**What you have to do**
Beginning with the line that contains "A digital artwork" and ending with the line that contains "所有的提醒小tip都是:身手", reproduce the lines of the entries below exactly, omitting pictures.

[Dataset entries]
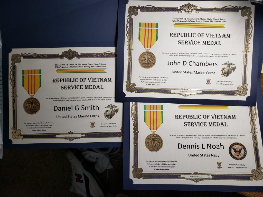 News Flash: Hotel 2/5 Vietnam Veterans receive Republic of Vietnam Medal & Certificate at 2022 Dayton Reunion
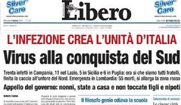 E’ così che il quotidiano “Libero” ci ricasca e pubblica in prima pagina un articolo dal titolo: “Virus alla conquista del Sud- L’infezione crea l’Unità d’Italia”. Un’espressione che sa di esultanza, che equivale a dire finalmente arriva pure nel Mezzogiorno e non siamo solo noi gli “appestati”.
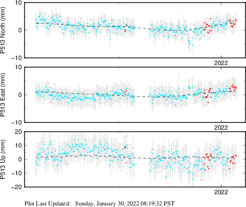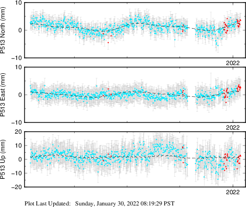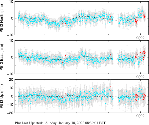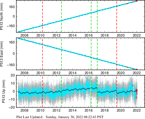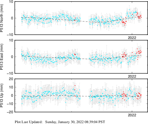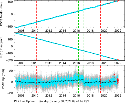 These results are preliminary. The station positions are unchecked and should not be used for any engineering applications. There may be errors in the antenna heights. The velocities are very dependent on the length of the span of observations. The presence of outliers (errant observations) sometimes contaminates the velocities.
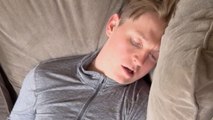 While sitting on a park bench, he set up a miniature bed next to his foot. When people passed by, he told them that his foot fell asleep and asked for their assistance.
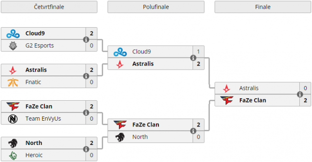 Čak od četvrtfinala FaZe nije izgubio ni jednu mapu! Prvo su u četvrtfinalu savladali Envyus, pa u polufinalu North, da bi u odlučujućem meču pobedili i Astralis. Igrali su se Cache (16:14) i Overpass (16:7), i na obema mapama evropska mix ekipa bila je bolja. Astralis je na poluvremenu vodio čak 12:3, ali na T strani nisu mogli napraviti ništa, te je usledio čaroban povratak Evropljana kome su doprineli svi igrači tima. Završnica je bila dosta napeta, ali se mašinerija nije mogla zaustaviti, pa je comeback bio upotpunjen za 1-0.
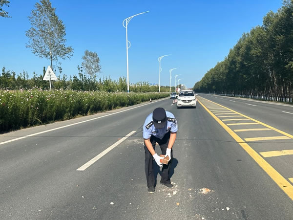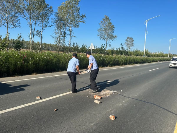 9月2日15時,肇東鎮(zhèn)派出所在轄區(qū)環(huán)南環(huán)路八道街至五岔路口巡邏時發(fā)現(xiàn)路面有過往運輸殘土車輛遺落的混凝土磚塊等殘土,存在嚴重道路交通隱患, 容易引發(fā)道路交通事故,嚴重影響過往車輛正常通行和駕駛人員安全。派出所巡邏民輔警第一時間設立交通反光錐,緩行指示牌,在提醒過往車輛注意行車安全減速慢行的同時,及時清理遺落的殘土,確保道路行車安全,受到過往群眾一致好評。
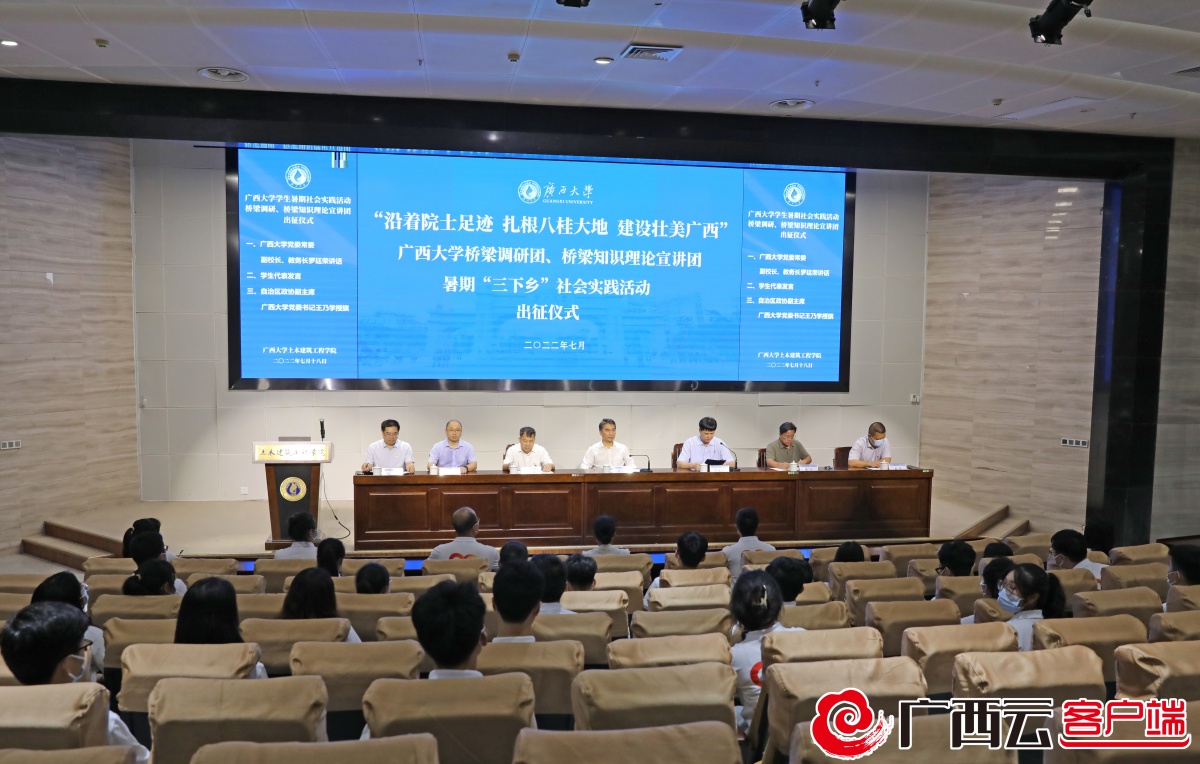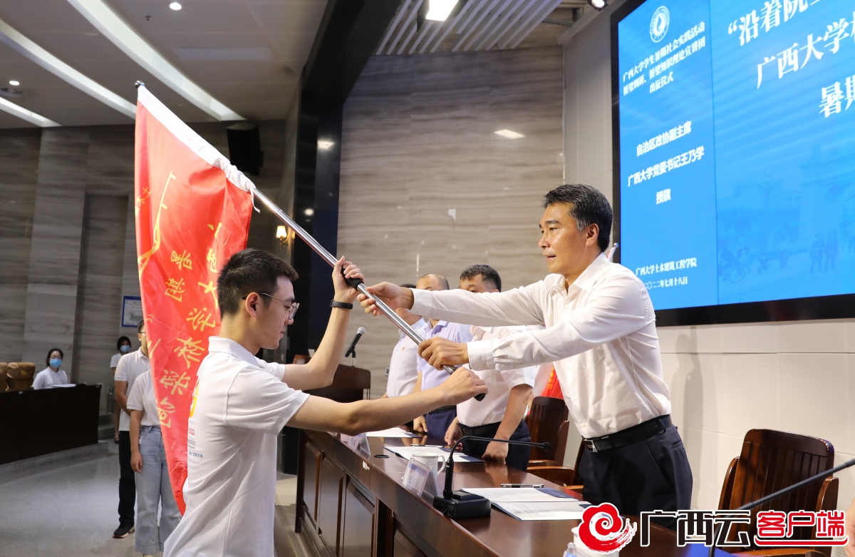 7月18日,“沿着院士足迹、扎根八桂大地、建设壮美广西”Ky开元集团桥梁调研团、桥梁知识理论宣讲团暑期“三下乡”社会实践活动出征仪式在土木建筑工程学院举行。自治区政协副主席、Ky开元集团党委书记王乃学出席出征仪式并为实践队授旗。
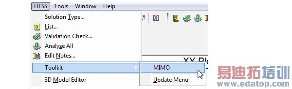 You will need to click HFSS>Toolkit>Update Menu to cause the Toolkit menu to display the MIMO selection.
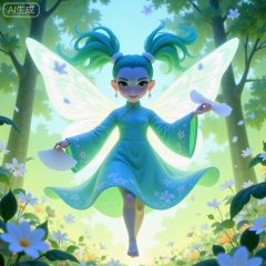 A digital artwork depicting a lively, enchanting figure of a girl with a cyan glow of skin, twin ponytails of mint green hair and butterfly-shaped transparent wings. Dressed in flowy cyan cheongsam with flower patterns, this image has a cheerful expression, feet hovering above the ground, hands waving a feather fan. The bright rotating colors of green, yellow and white form a forest background. Its style has a fantasy theme. The whole character is surrounded by cyan dewdrops. There is a lively atmosphere. The air is dotted with fluttering petal particles. It is high-definition, dreamy and ethereal.
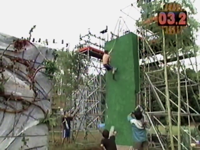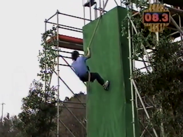 All of these modifications meant that competitors had to swing from the stationary bar to the wall (often aiming for the foothold), climb the rope until they reached the upper part of the wall, which they would hop over and hit the buzzer. There were several ways in which competitors could reduce the time spent on the obstacle:
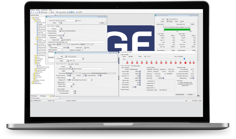 Agiliza e simplifica o processo da gestão comercial (políticas comerciais, aprovações de crédito, faturamento etc.).
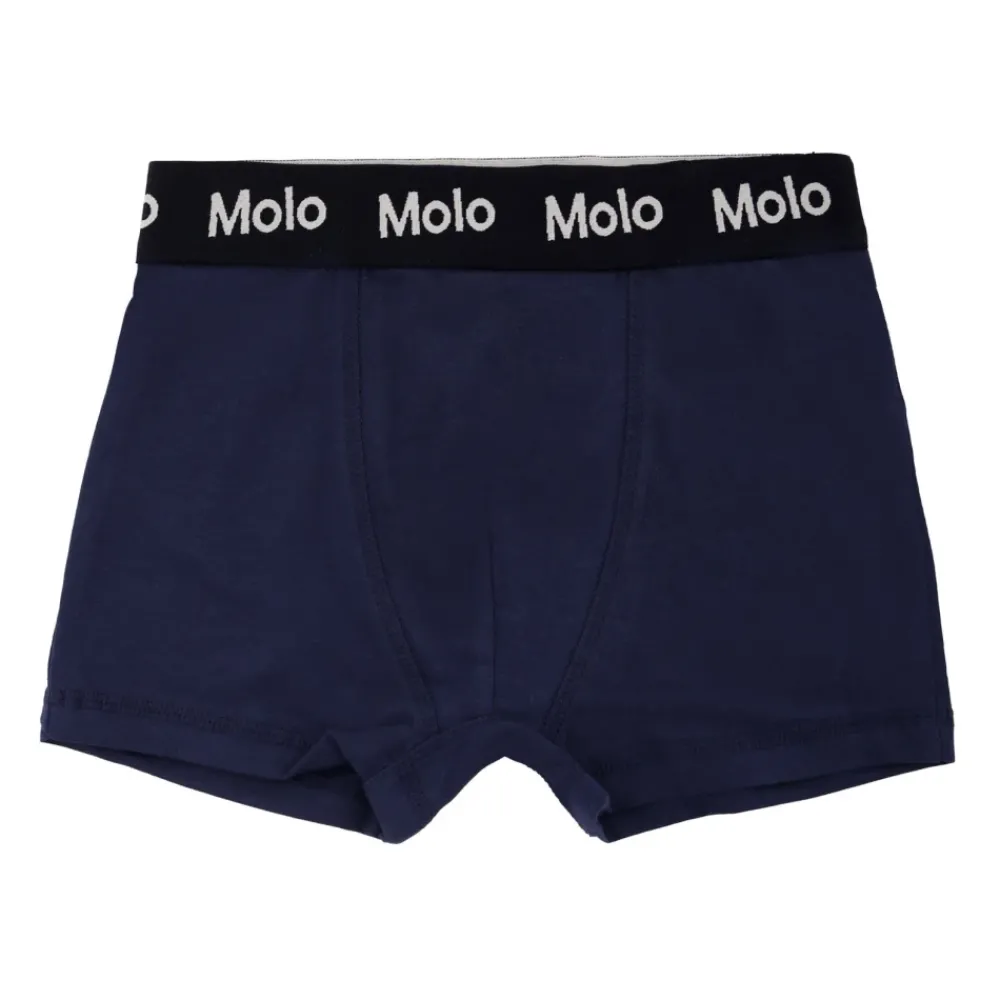 Kleed je kleintje in stijl met deze blauwe boxersuit van Molo. Gemaakt van GOTS-gecertificeerde katoenmix, bestaande uit twee boxershorts met een elastische tailleband met logo. Een boxer is versierd met een allover dinosaurusprint. Gemaakt van 95% katoen en 5% elastaan. Machinewas op 30°C.
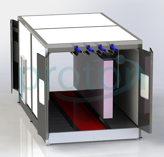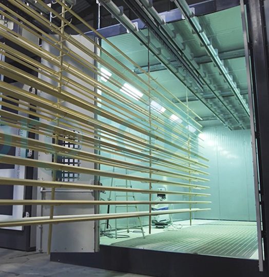 It works on the principle of manual painting of products suspended on a rail or placed on a trolley.It is integrated into manual painting systems. Suitable for bar transfer systems.Product entry options are available with top hanging or bottom trolley.
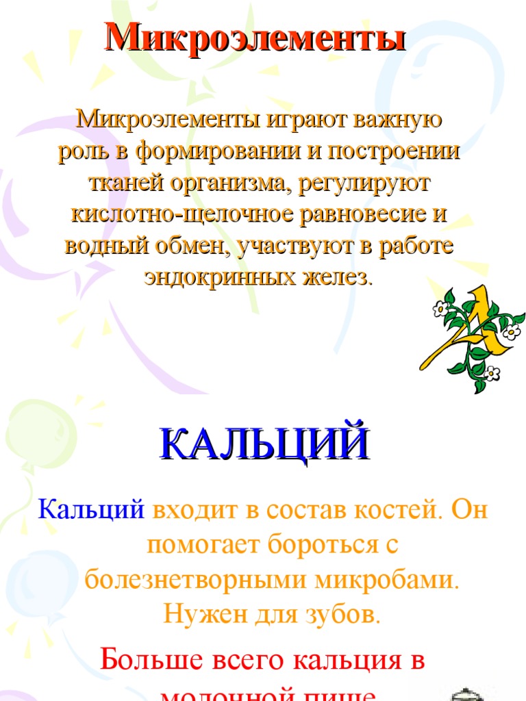 Для чего нужен : кальций, фтор, фосфор, калий, железо . . .
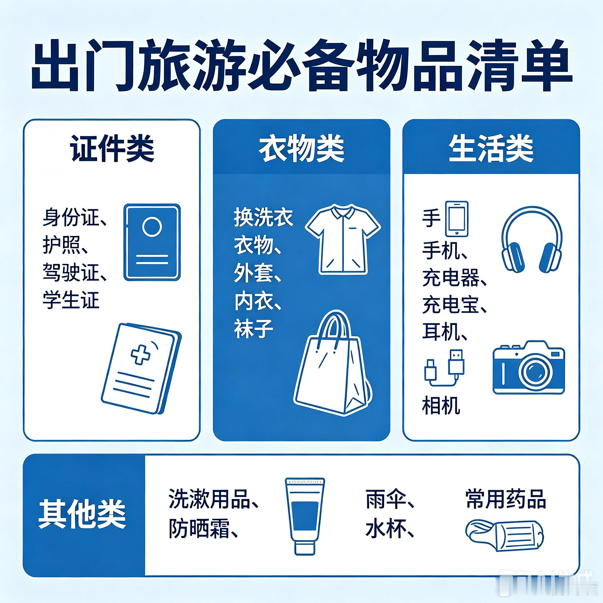 所有的提醒小tip都是:身手钥钱,然后就是充电器充电宝,甚至雨伞☂️,防晒,药物都有
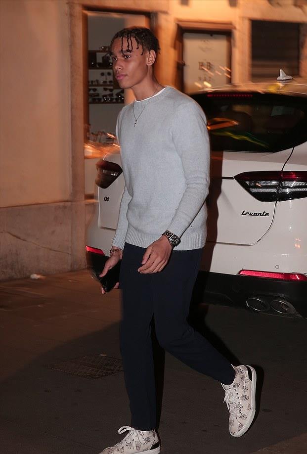 亚历山大看起来就是一个非常阳光的少年,这身造型也是非常时髦,灰色的毛衣配上小黑裤,涂鸦板鞋也是显得非常有活力感,虽然从小过着单亲的生活,但是看得出来这个被流落在民间的小王子心态非常健康。

**Solution to this problem**
 A digital artwork depicting a lively, enchanting figure of a girl with a cyan glow of skin, twin ponytails of mint green hair and butterfly-shaped transparent wings. Dressed in flowy cyan cheongsam with flower patterns, this image has a cheerful expression, feet hovering above the ground, hands waving a feather fan. The bright rotating colors of green, yellow and white form a forest background. Its style has a fantasy theme. The whole character is surrounded by cyan dewdrops. There is a lively atmosphere. The air is dotted with fluttering petal particles. It is high-definition, dreamy and ethereal.
 All of these modifications meant that competitors had to swing from the stationary bar to the wall (often aiming for the foothold), climb the rope until they reached the upper part of the wall, which they would hop over and hit the buzzer. There were several ways in which competitors could reduce the time spent on the obstacle:
 Agiliza e simplifica o processo da gestão comercial (políticas comerciais, aprovações de crédito, faturamento etc.).
 Kleed je kleintje in stijl met deze blauwe boxersuit van Molo. Gemaakt van GOTS-gecertificeerde katoenmix, bestaande uit twee boxershorts met een elastische tailleband met logo. Een boxer is versierd met een allover dinosaurusprint. Gemaakt van 95% katoen en 5% elastaan. Machinewas op 30°C.
 It works on the principle of manual painting of products suspended on a rail or placed on a trolley.It is integrated into manual painting systems. Suitable for bar transfer systems.Product entry options are available with top hanging or bottom trolley.
 Для чего нужен : кальций, фтор, фосфор, калий, железо . . .
 所有的提醒小tip都是:身手钥钱,然后就是充电器充电宝,甚至雨伞☂️,防晒,药物都有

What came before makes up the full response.